A Playful Tech Office that Nods to the Past
For the company Spreetail, Perkins and Will imagine a cheeky and colorful workplace set inside a 19th-century building in Austin.
The James H. Robertson Building in Austin, Texas, has many past lives. Erected in 1893, the structure served as a store and an ’80s nightclub, but was mostly unused through the late 2000s. In August 2018, architecture firm Perkins and Will Austin revivified the three-story building, transforming it into an office for the online retail start-up Spreetail. Despite some challenges presented by structural remnants—including aged plumbing and built-ins from the building’s time as a bar—the narrow redbrick building now stands as a bold workplace that playfully reflects the company’s dynamic culture.

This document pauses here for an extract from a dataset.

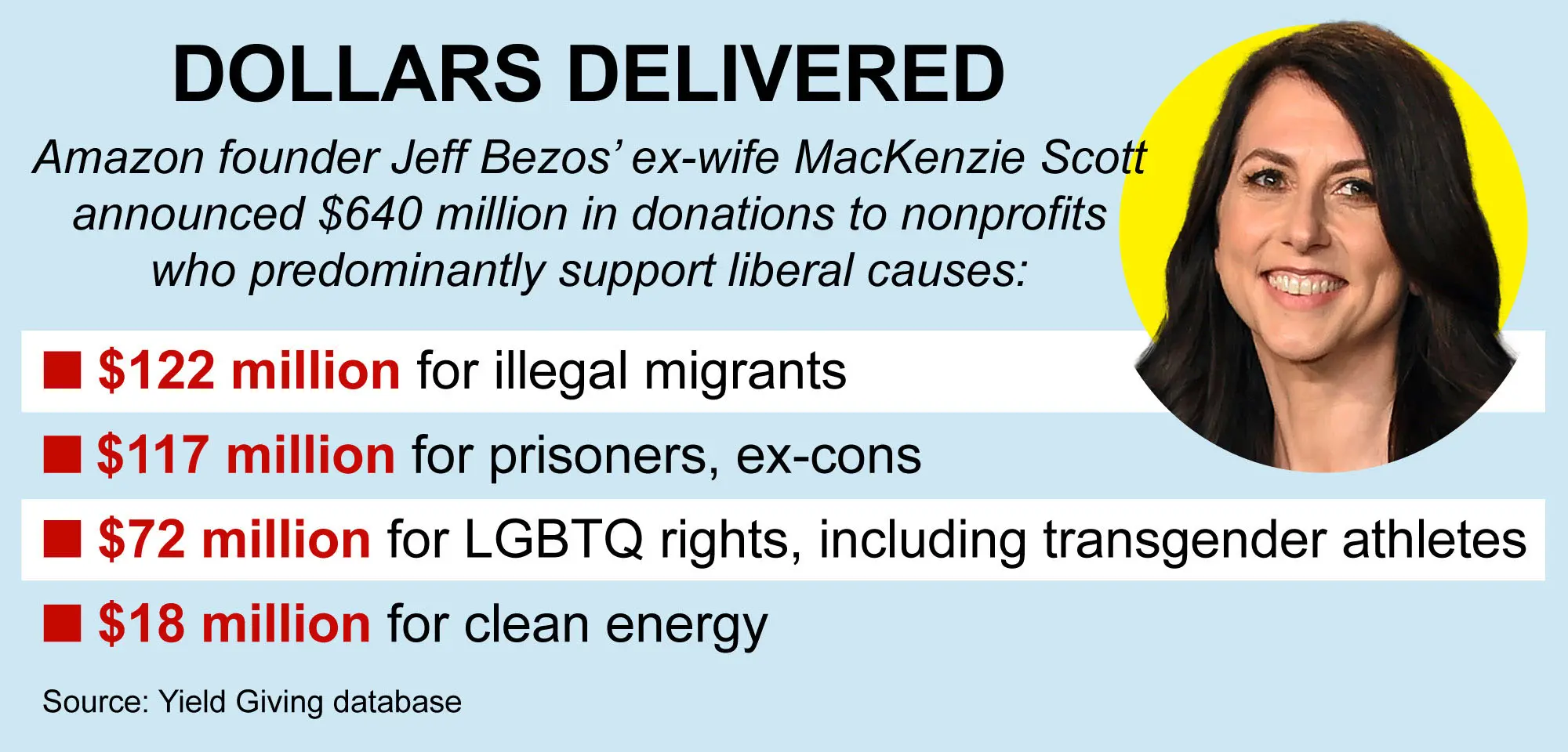 Most of the $640 million in new charitable donations Amazon founder Jeff Bezos’ ex-wife MacKenzie Scott is dishing out will go to nonprofits pushing extreme left-wing causes, including helping migrants who commit crimes and boosting male-born transgender athletes who want to compete against women.

In its restoration, the structure’s characteristic Italianate facade remained largely unchanged. “We wanted to respect its historic nature while also incorporating modern colors and materials,” says Perkins and Will design director Lina Murillo. Spreetail’s signature colors accent the interior’s corrugated metal and wood pallets on all three levels, from the lounges and communal workspaces on the first floor and mezzanine to the open-plan workstations and conference rooms on the floors above. Perkins and Will even deployed shipping container–inspired furniture pieces in the skylit atrium as a cheeky nod to the start-up’s e-commerce business. According to Madelyne Meylor, a Perkins and Will designer, “Aside from making the office functional, one of the most important design factors is embodying the company’s story in the space.”